Assignment> It would help if you retyped the data exactly, leaving out the pictures.

Source data:
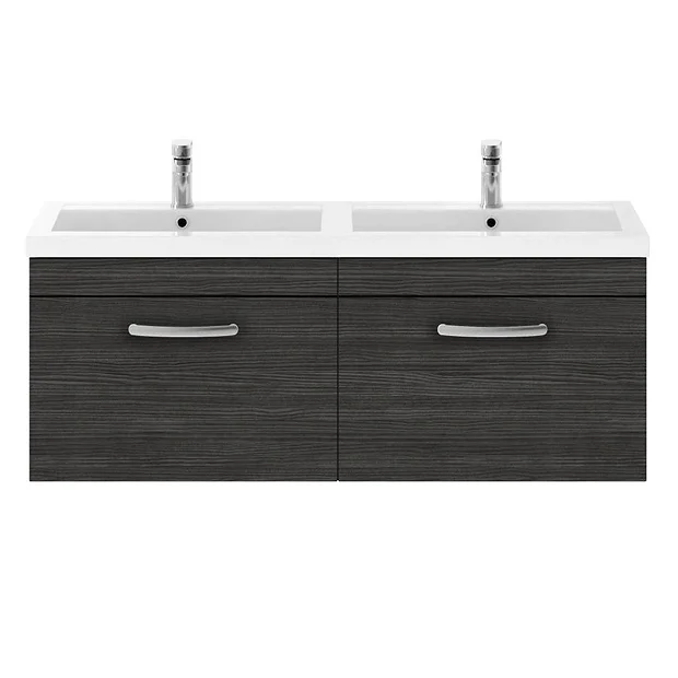 Brooklyn 1205mm Black Wall Hung 2 Drawer Double Basin Vanity Unit
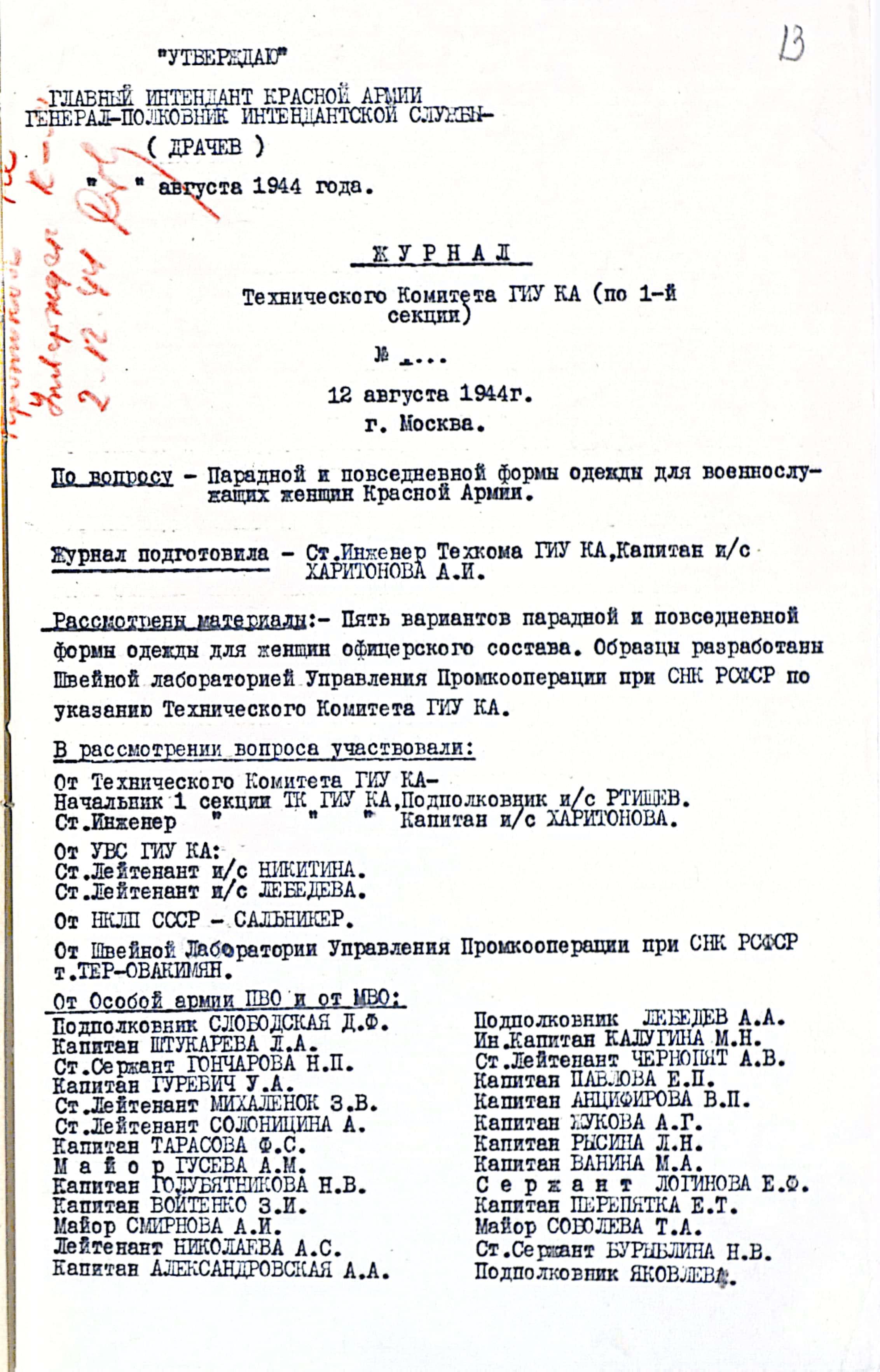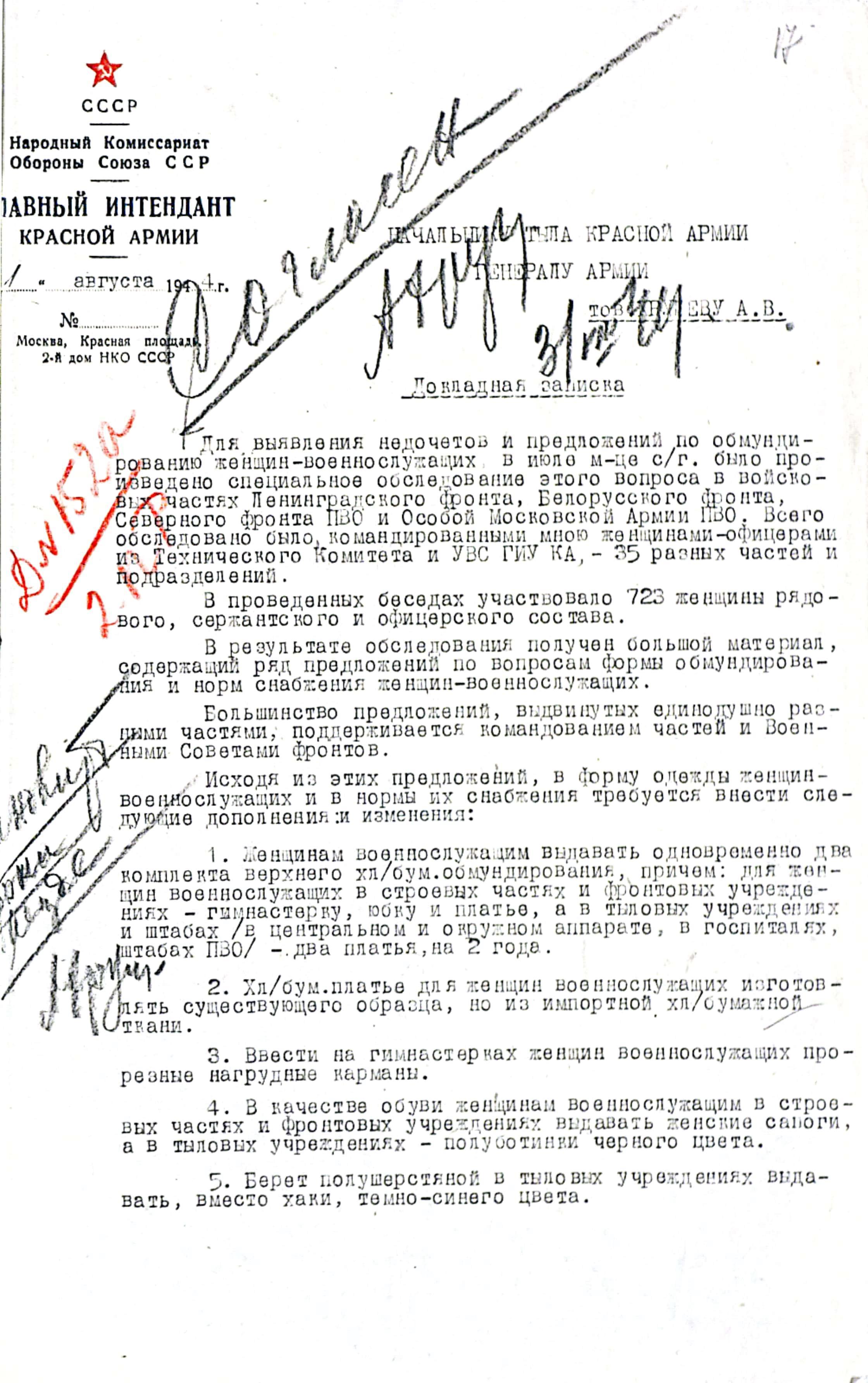 Анализ поступавших предложений показал, что необходимо срочно начать переработку действующих нормативов, начав работу с уточнения порядка обеспечения обмундированием военнослужащих женщин. Главным Интендантом КА генерал-полковником и/с П.И. Драчёвым, было отдано указание о проведении специального обследования по выявлению недочётов и проблем. В целях выполнения распоряжения, Управление вещевого снабжения и Техком ГИнтУ откамондировал из своего состава на фронты женщин-офицеров. Представительницы Главного Интендантского Управления провели большую работу, побывав в 35 воинских частях и опросив более 700 женщин военнослужащих. Результаты обследования, Главный Интендант КА доложил начальнику Тыла Красной Армии генералу армии А.В. Хрулёву:
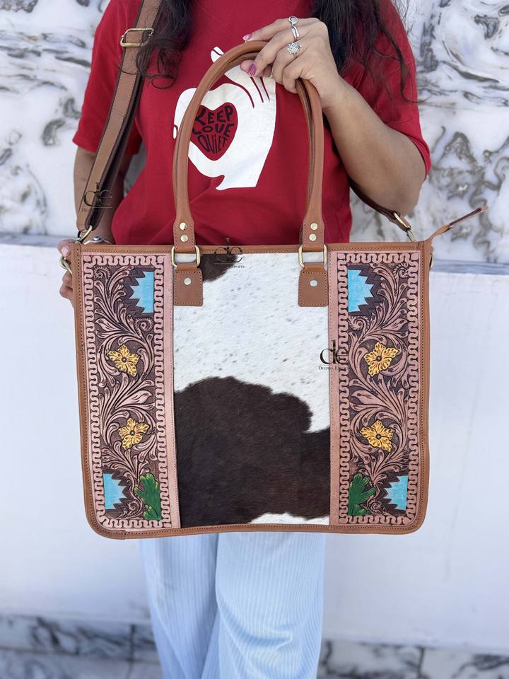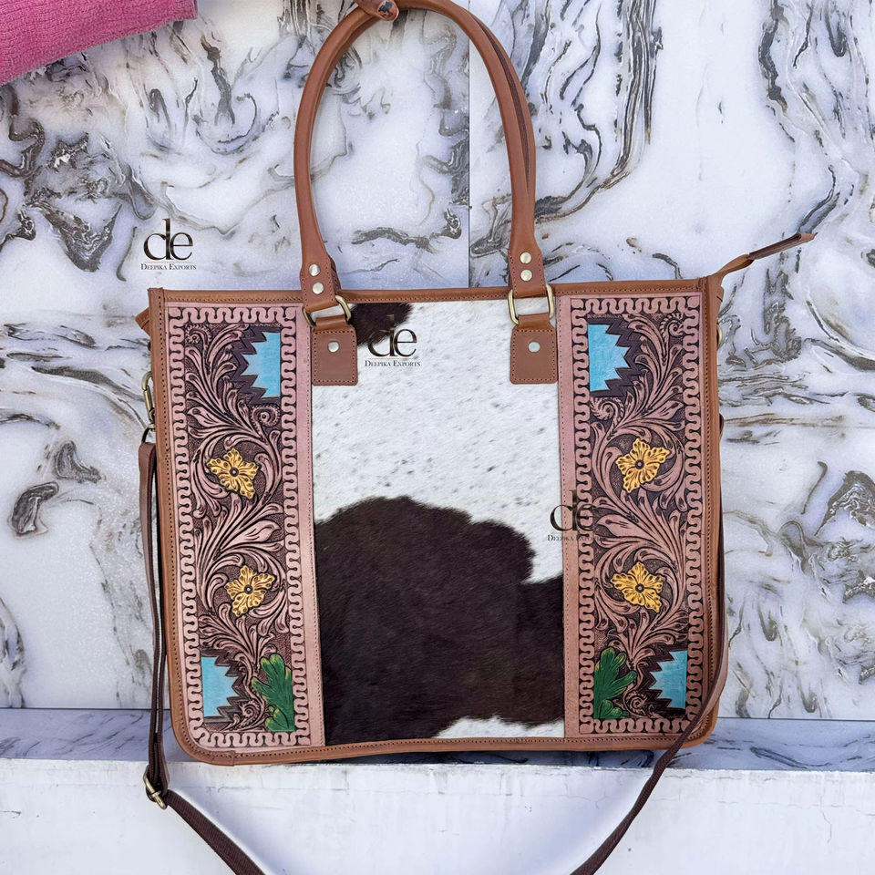 กระเป๋าโท้ทหนังแกะสลักลายด้วยมือ ดีไซน์ทันสมัย กระเป๋าถือหนังเก๋ไก๋ หนังวัวแท้ ขนสัตว์ สำหรับผู้หญิง ใช้งานได้หลากหลาย
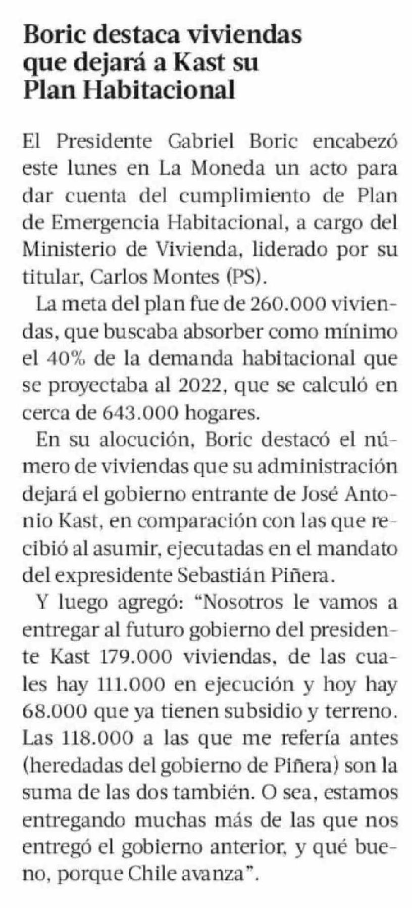 Boric destaca viviendas que dejará a Kast su Plan Habitacional
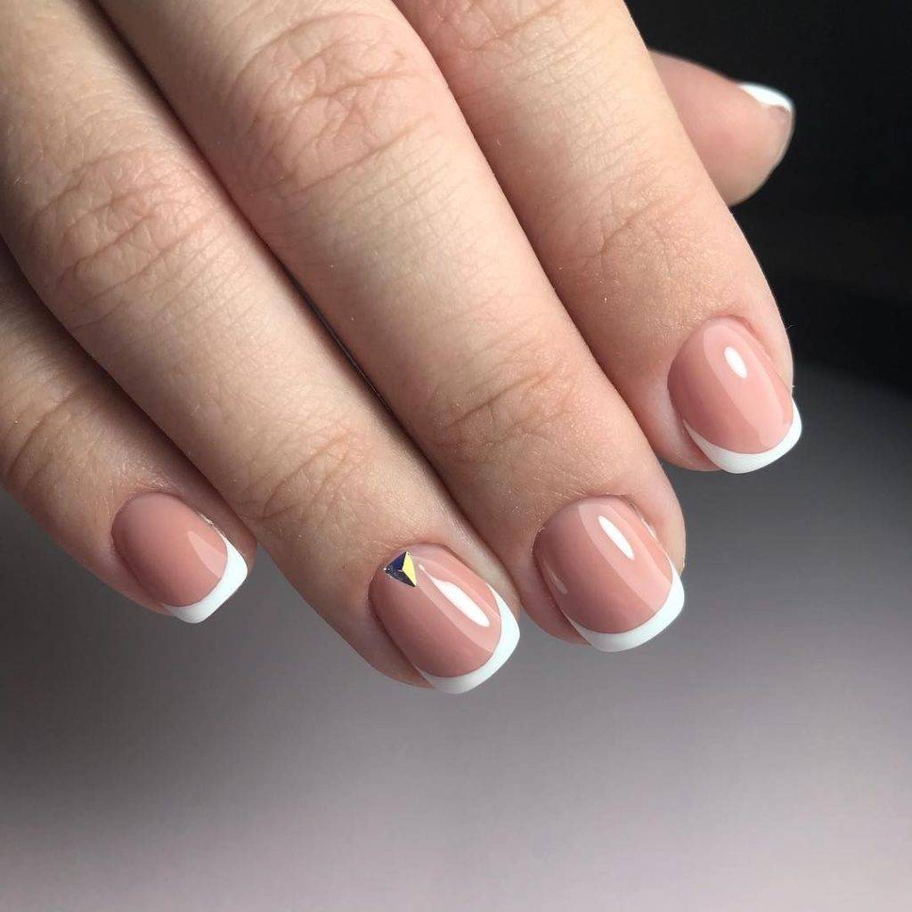 Маникюр на короткие ногти будет красивым, если нанести на ногтевую пластину прозрачную базу, а свободные края посыпать блёстками. Хрустальные бусинки в небольшом количестве остаются классикой жанра.

Task result>
 Brooklyn 1205mm Black Wall Hung 2 Drawer Double Basin Vanity Unit
 Анализ поступавших предложений показал, что необходимо срочно начать переработку действующих нормативов, начав работу с уточнения порядка обеспечения обмундированием военнослужащих женщин. Главным Интендантом КА генерал-полковником и/с П.И. Драчёвым, было отдано указание о проведении специального обследования по выявлению недочётов и проблем. В целях выполнения распоряжения, Управление вещевого снабжения и Техком ГИнтУ откамондировал из своего состава на фронты женщин-офицеров. Представительницы Главного Интендантского Управления провели большую работу, побывав в 35 воинских частях и опросив более 700 женщин военнослужащих. Результаты обследования, Главный Интендант КА доложил начальнику Тыла Красной Армии генералу армии А.В. Хрулёву:
 กระเป๋าโท้ทหนังแกะสลักลายด้วยมือ ดีไซน์ทันสมัย กระเป๋าถือหนังเก๋ไก๋ หนังวัวแท้ ขนสัตว์ สำหรับผู้หญิง ใช้งานได้หลากหลาย
 Boric destaca viviendas que dejará a Kast su Plan Habitacional
 Маникюр на короткие ногти будет красивым, если нанести на ногтевую пластину прозрачную базу, а свободные края посыпать блёстками. Хрустальные бусинки в небольшом количестве остаются классикой жанра.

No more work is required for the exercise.